Anker finally explains the security shortcomings of its Eufy cameras. The Verge managed to outwit the company after giving it an ultimatum: the manufacturer finally admitted that its cameras were not end-to-end encrypted since they can produce video streams viewable from anywhere. These facts were revealed last December when a researcher has realised that the supposedly encrypted stream from his camera was in fact accessible remotely via a traditional media player like VLC.
According to a spokesperson, the issue was related to Eufy’s web portal. This provides access to streams, but was not created with end-to-end encryption in mind (unlike the app). It was therefore protected by a simple username/password combo. ” It wasn’t enough », apologizes the brand.
The problem is now said to be largely fixed: all video stream requests from Eufy’s web portal are now end-to-end encrypted, and the company says it’s in the process of updating every camera to use the Default WebRTC encrypted API. Contrary to whata piece of code published on GitHub suggested, Eufy claims that stream encryption keys are dynamic and not standardized: they are therefore not easily guessed.
The company promises to do better and apologizes for its controversial communication.

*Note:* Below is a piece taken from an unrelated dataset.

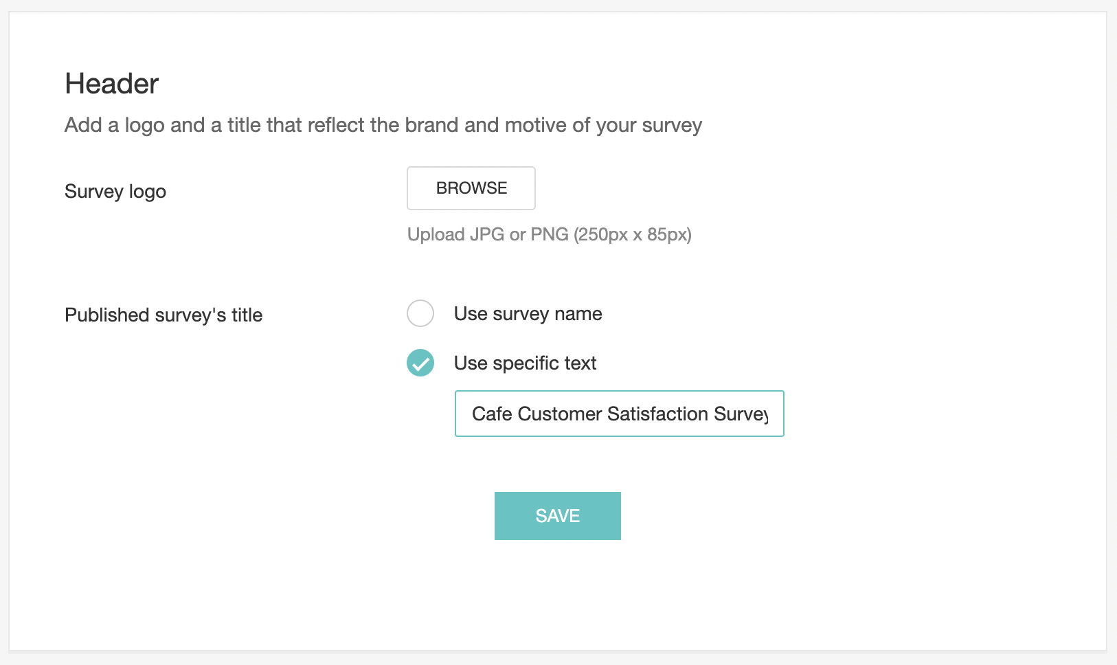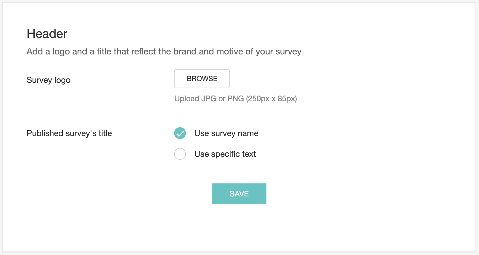 アンケートの作成は、質問を追加して終わりではありません。テーマを適用して目を引くようにデザインすることが大事です。このページでは、そのための設定やカスタマイズ方法を紹介します。アンケート作成画面の[設定]タブから、アンケートをカスタマイズできます。ヘッダーとフッターの設定、ボタン名の変更、特定の回答者向けのアンケート終了ページのカスタマイズなどが可能です。アンケートのヘッダー設定では、ロゴやタイトルを追加または変更できます。アンケートに自社の製品やブランド名を反映させることが可能です。

It must be said that Eufy remained silent for a while before distiling some information a little off the mark, which undoubtedly made him lose the confidence of many customers. From now on, the company says it wants to call on external companies to audit its security practices and explains that it is in discussion with a leading security expert to produce an independent report. An official bug squashing program is in the works, as is a site detailing its security practices.